## [About this task]
Only one span of the listing below is wanted: the lines from the one with "Habesha Dress Habesha" through the one with "Дамската фина жилетка", reproduced exactly, both ends kept.
-------- Supplied records
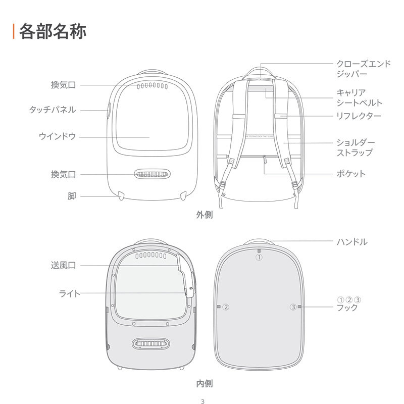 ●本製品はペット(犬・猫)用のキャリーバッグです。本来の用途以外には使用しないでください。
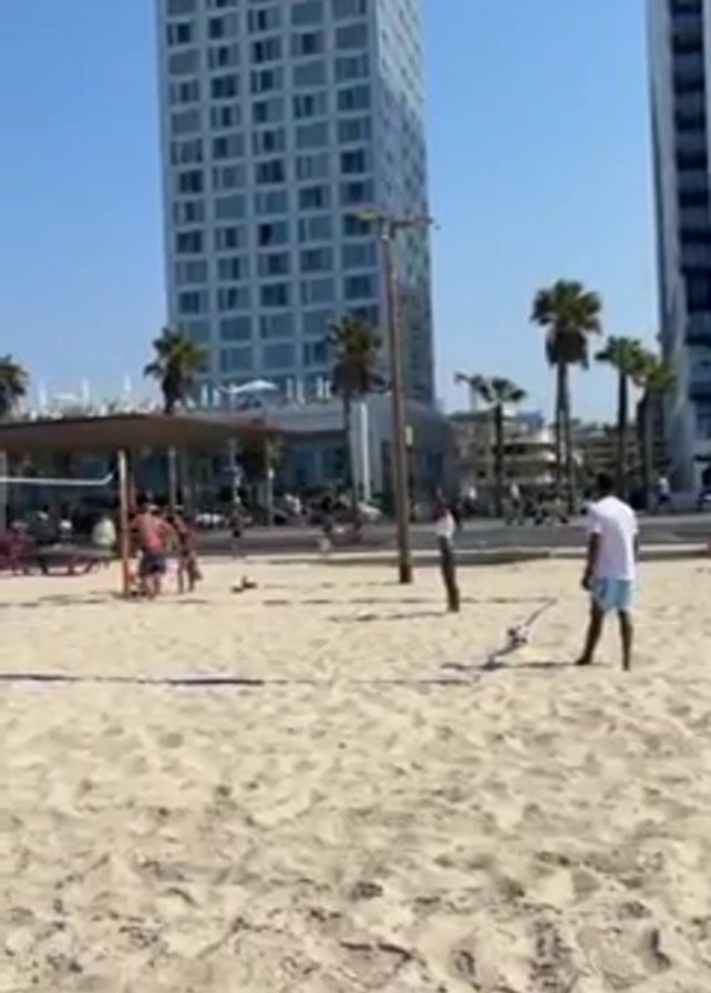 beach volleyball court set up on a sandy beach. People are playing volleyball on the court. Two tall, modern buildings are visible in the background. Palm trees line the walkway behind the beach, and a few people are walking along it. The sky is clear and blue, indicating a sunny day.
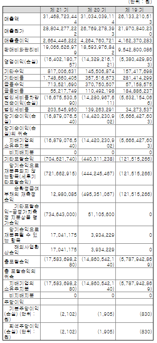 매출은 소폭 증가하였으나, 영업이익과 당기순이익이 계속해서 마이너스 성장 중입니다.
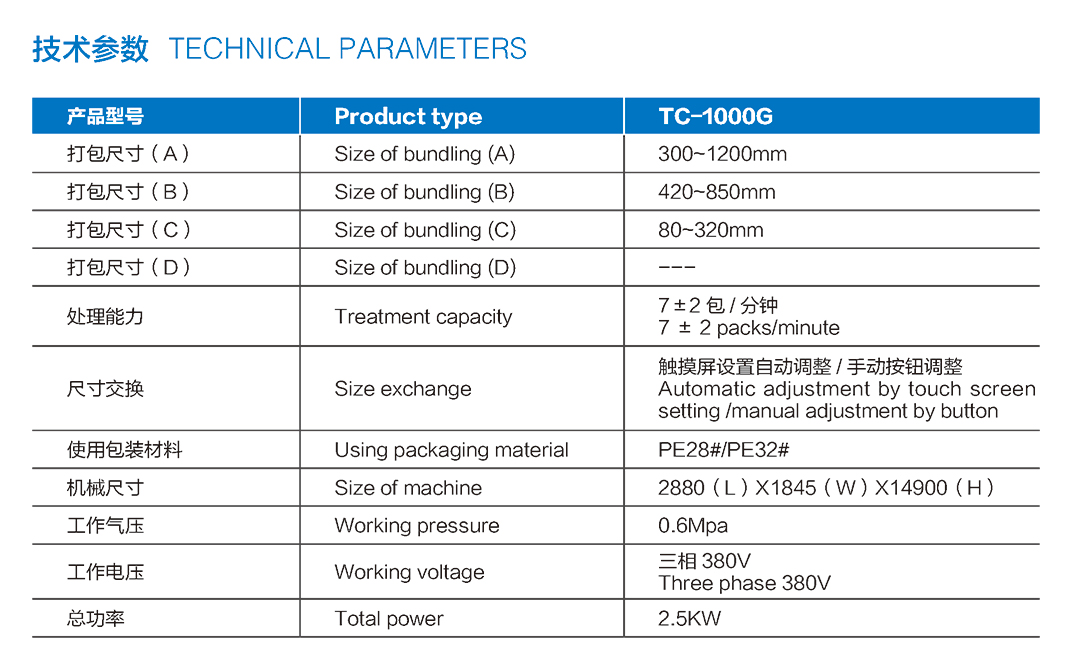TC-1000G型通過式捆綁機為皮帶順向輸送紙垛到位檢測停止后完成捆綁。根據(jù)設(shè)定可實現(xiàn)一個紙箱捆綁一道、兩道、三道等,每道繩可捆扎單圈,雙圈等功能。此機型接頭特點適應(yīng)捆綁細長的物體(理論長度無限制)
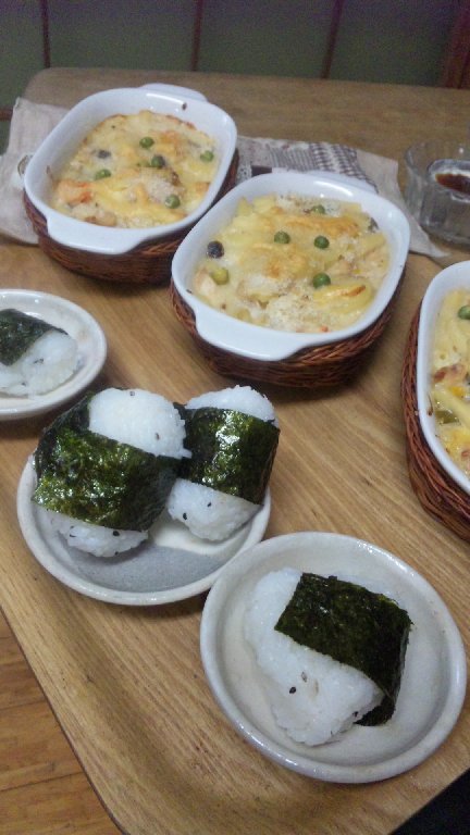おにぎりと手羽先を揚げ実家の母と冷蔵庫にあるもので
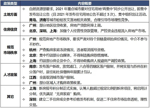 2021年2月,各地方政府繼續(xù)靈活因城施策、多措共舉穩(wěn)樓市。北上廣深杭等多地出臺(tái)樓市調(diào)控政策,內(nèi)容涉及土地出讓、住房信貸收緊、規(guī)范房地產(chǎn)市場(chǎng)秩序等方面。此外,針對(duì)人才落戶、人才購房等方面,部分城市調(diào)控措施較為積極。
----------------
-------- Supplied records
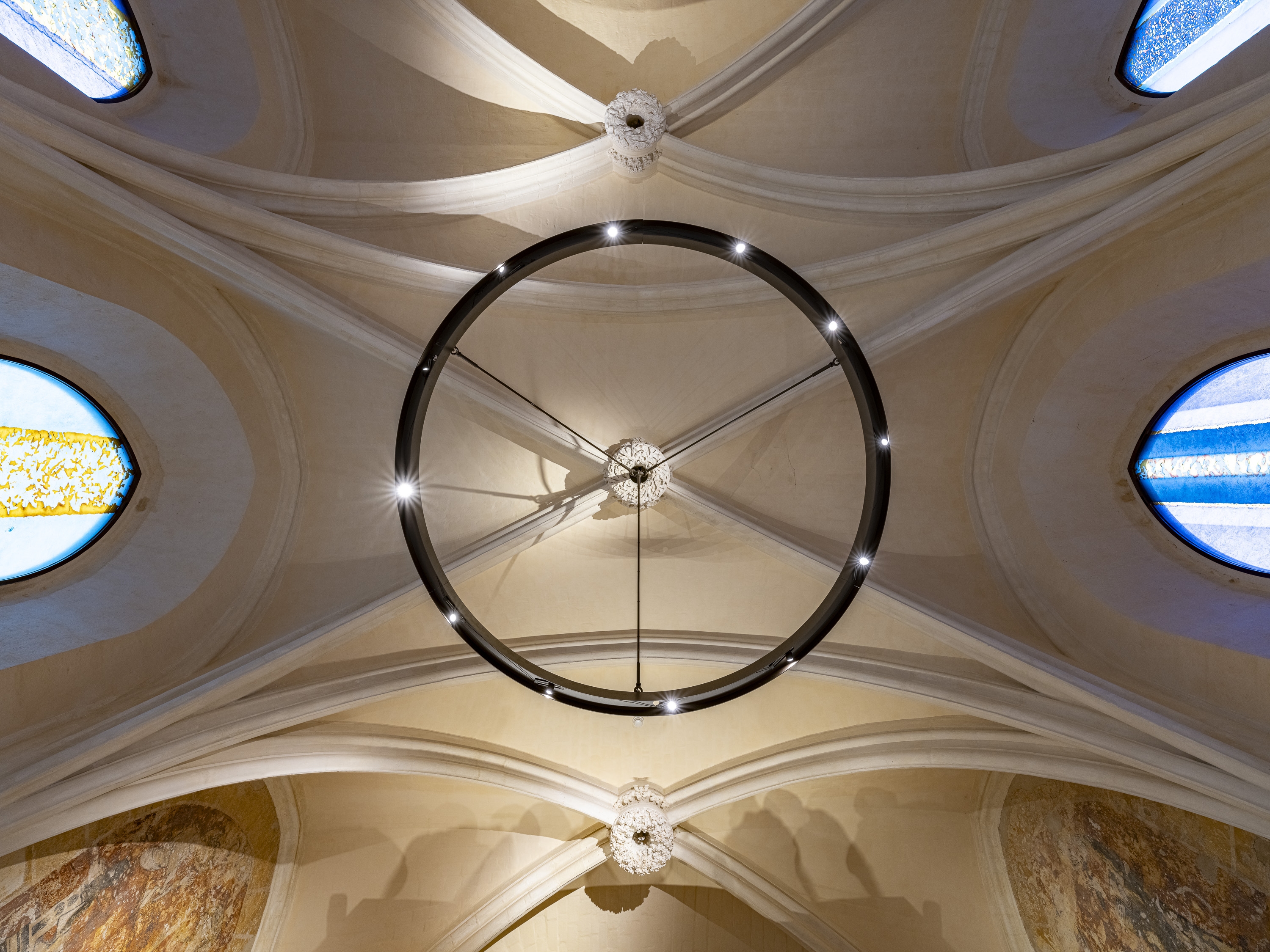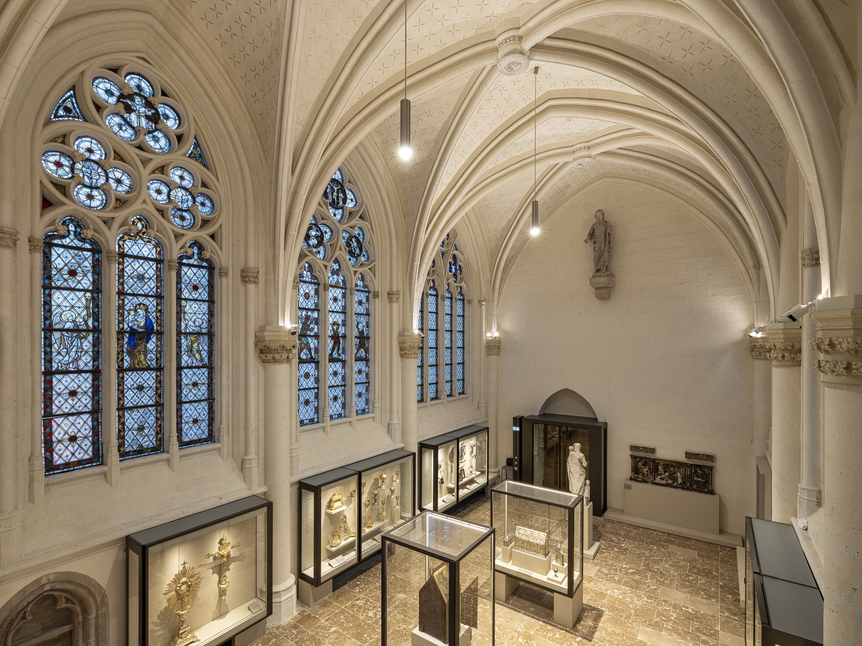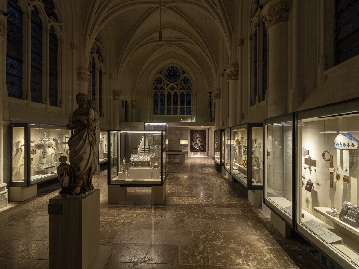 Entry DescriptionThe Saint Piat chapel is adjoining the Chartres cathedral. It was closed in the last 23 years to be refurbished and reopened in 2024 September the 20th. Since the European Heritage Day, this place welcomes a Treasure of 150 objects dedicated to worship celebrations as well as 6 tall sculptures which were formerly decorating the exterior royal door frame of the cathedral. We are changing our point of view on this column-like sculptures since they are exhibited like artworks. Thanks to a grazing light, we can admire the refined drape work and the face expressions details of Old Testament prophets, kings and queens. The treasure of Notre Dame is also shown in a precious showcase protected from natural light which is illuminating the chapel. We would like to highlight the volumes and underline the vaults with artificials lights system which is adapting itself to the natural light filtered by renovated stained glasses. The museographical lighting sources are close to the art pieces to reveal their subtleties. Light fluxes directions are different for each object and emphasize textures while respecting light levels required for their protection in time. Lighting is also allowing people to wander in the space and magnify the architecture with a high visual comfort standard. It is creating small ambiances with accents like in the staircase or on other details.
----------------
-------- Supplied records
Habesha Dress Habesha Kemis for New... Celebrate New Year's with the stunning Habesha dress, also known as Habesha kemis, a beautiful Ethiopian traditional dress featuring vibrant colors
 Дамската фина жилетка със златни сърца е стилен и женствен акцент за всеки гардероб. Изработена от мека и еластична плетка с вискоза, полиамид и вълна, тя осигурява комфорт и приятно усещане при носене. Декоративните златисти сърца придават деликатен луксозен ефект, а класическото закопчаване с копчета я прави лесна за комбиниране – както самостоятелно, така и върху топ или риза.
----------------
## [Solved problem]
Habesha Dress Habesha Kemis for New... Celebrate New Year's with the stunning Habesha dress, also known as Habesha kemis, a beautiful Ethiopian traditional dress featuring vibrant colors
 Дамската фина жилетка със златни сърца е стилен и женствен акцент за всеки гардероб. Изработена от мека и еластична плетка с вискоза, полиамид и вълна, тя осигурява комфорт и приятно усещане при носене. Декоративните златисти сърца придават деликатен луксозен ефект, а класическото закопчаване с копчета я прави лесна за комбиниране – както самостоятелно, така и върху топ или риза.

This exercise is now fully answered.